Work instruction:
Output the lines from the one holding "Holding in sahibi" to the end of the entries that follow, exactly and only those, minus any pictures.

Collected data entries:
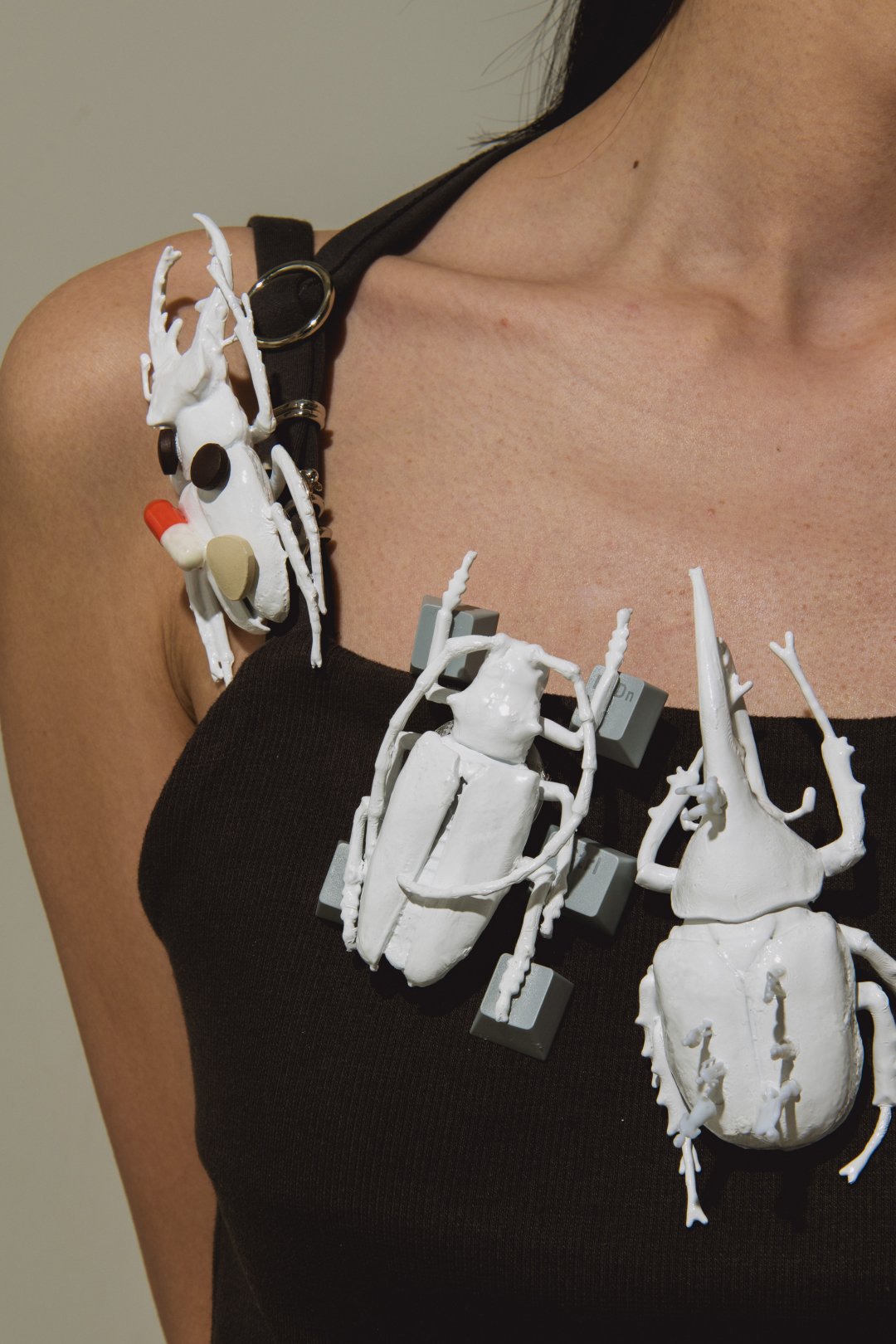 在我看來,色彩是吸引人的,我一直希望能在我的首飾中融入突出色彩元素的主題。在作品《Blocks, lines, drops》中,我嘗試了結(jié)合色彩和材料的探索,用丙烯顏料本身作為材料去創(chuàng)作首飾,通過探索顏料形態(tài)的隨機(jī)性與色彩反映人潛意識情緒的結(jié)合,從中感受到了創(chuàng)作的樂趣。
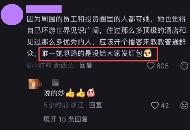 “她唯一忽略的是,没给大家发红包。”
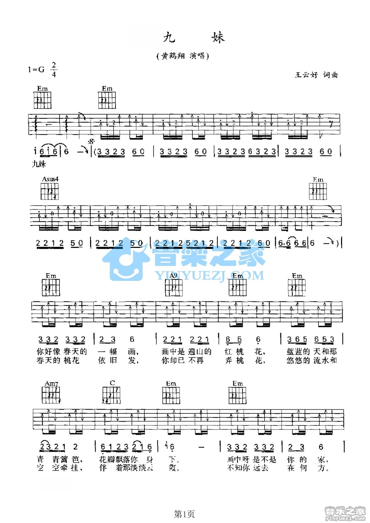 吉他黄鹤翔《九妹》吉他谱 - 免费版
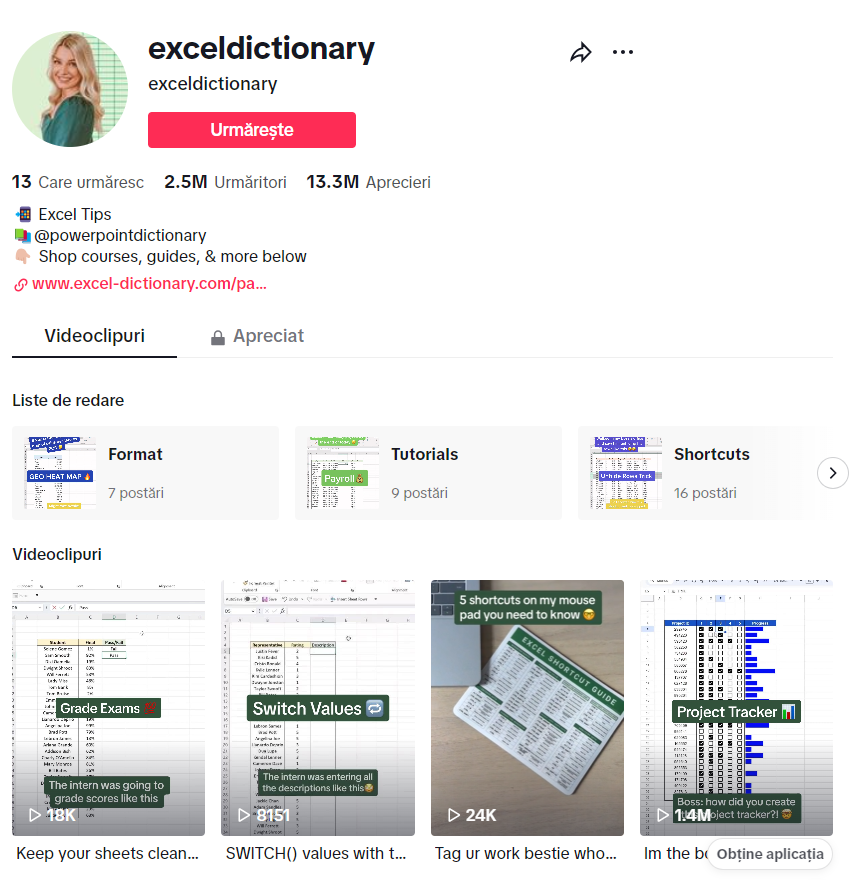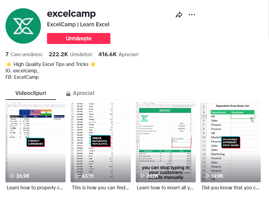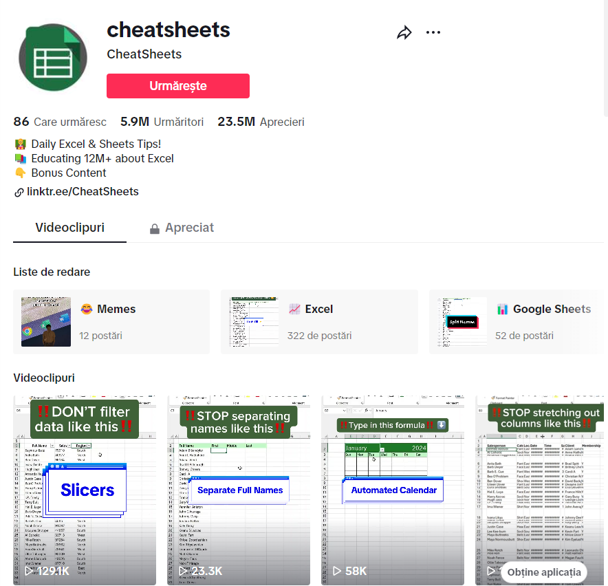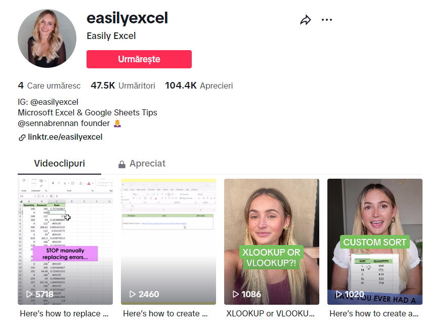 Pe acest cont vei găsi o mulțime de informații despre cum să folosești Excel, toate structurate în video-uri de câteva secunde.
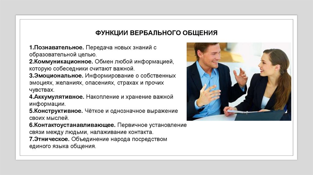 ФУНКЦИИ ВЕРБАЛЬНОГО ОБЩЕНИЯ1.Познавательное. Передача новых знаний с
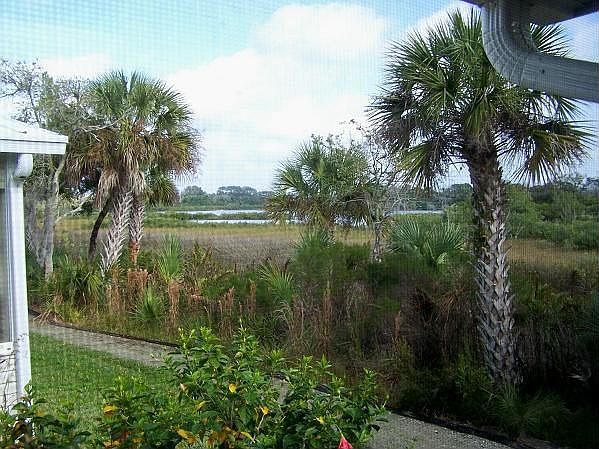 RIVERFRONT TRIPLEWIDE (2098 sq. ft.) with Indian river and estuary views. Watch the sunrise come up over the Indian River from your screened porch and drinking your morning coffee. Gourmet large center island kitchen. Corian countertops and new sink. Loads of cabinets and a huge pantry. Eat-in kitchen. Living area is open to formal dining room. Family room with wood burning fireplace and bookcases. Master bedroom has HUGE closet. Guest bedroom has mirrored large closet. Master bath has a jetted tub plus a shower. BONUS ROOM: This room could be a third bedroom if there was a closet. There is a window. OR used as an office or craft room. Home is in mint condition and handicap equipped throughout the home. Roof over the home 1/2017, shed roof 2/09, A/C 10/16, termite bond. Large double carport - covered for 2 cars and room for at least 2 more cars. Close to shopping, schools and minutes from the beach. Enjoy all the amenities - fitness center, heated pool, screened hot tub, intracoastal boat & kayat ramp (short walking distance), elegant clubhouse with loads of activities & a dance floor, tennis, pickleball, bocci, shuffleboard, horseshoes, pool tables, ceramics w/kiln, intracoastal fishing pier w/cleaning station. Low quarterly dues include cable, internet, outside storage for 1 toy (either an RV or boat) when available. Own your land. Enjoy Resort Living Every Day!
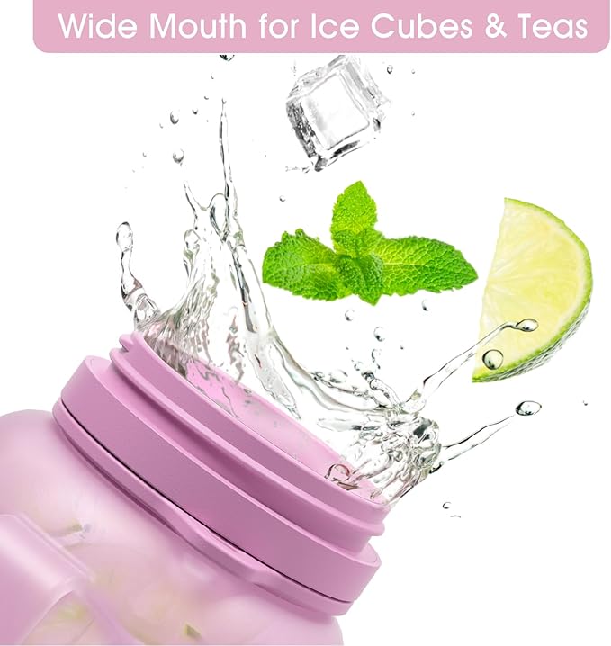 • Wide-mouth water bottle, free to add ice cubes and make fruit teas: The bottle 65mm diameter wide-open mouth makes it easy to clean. Not as other plastic gallon water jug, this hydrated water bottle can be wristed and rubbed to remove sendimentary factors on the bottle wall. The water tracker bottle body can contain water temperature between -40 degree to 200 degree, you can add ice cubes and other tea supplements.
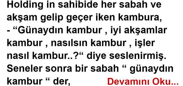 Holding in sahibi de her sabah ve akşam gelip geçer iken kambura, -“Günaydın kambur , iyi akşamlar kambur , nasılsın kambur , işler nasıl kambur..?“ diye seslenirmiş . Seneler sonra bir sabah “ günaydın...
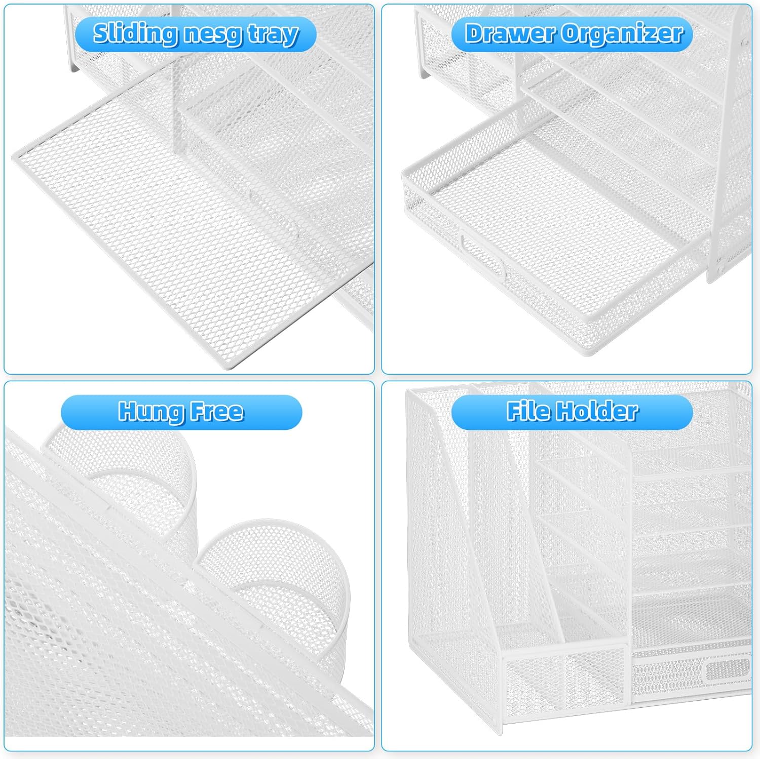 - Multiple Use: Our office organizers owns 5 sliding trays + 2 Magazine Holders + 2 Hanging Pencil Holders + 1 sliding large capacity drawer which have enough storage space to accommodate all your office supplies and keeps your desktop neat, which is very suitable for offices and schools.

Response for this exercise:
 Holding in sahibi de her sabah ve akşam gelip geçer iken kambura, -“Günaydın kambur , iyi akşamlar kambur , nasılsın kambur , işler nasıl kambur..?“ diye seslenirmiş . Seneler sonra bir sabah “ günaydın...
 - Multiple Use: Our office organizers owns 5 sliding trays + 2 Magazine Holders + 2 Hanging Pencil Holders + 1 sliding large capacity drawer which have enough storage space to accommodate all your office supplies and keeps your desktop neat, which is very suitable for offices and schools.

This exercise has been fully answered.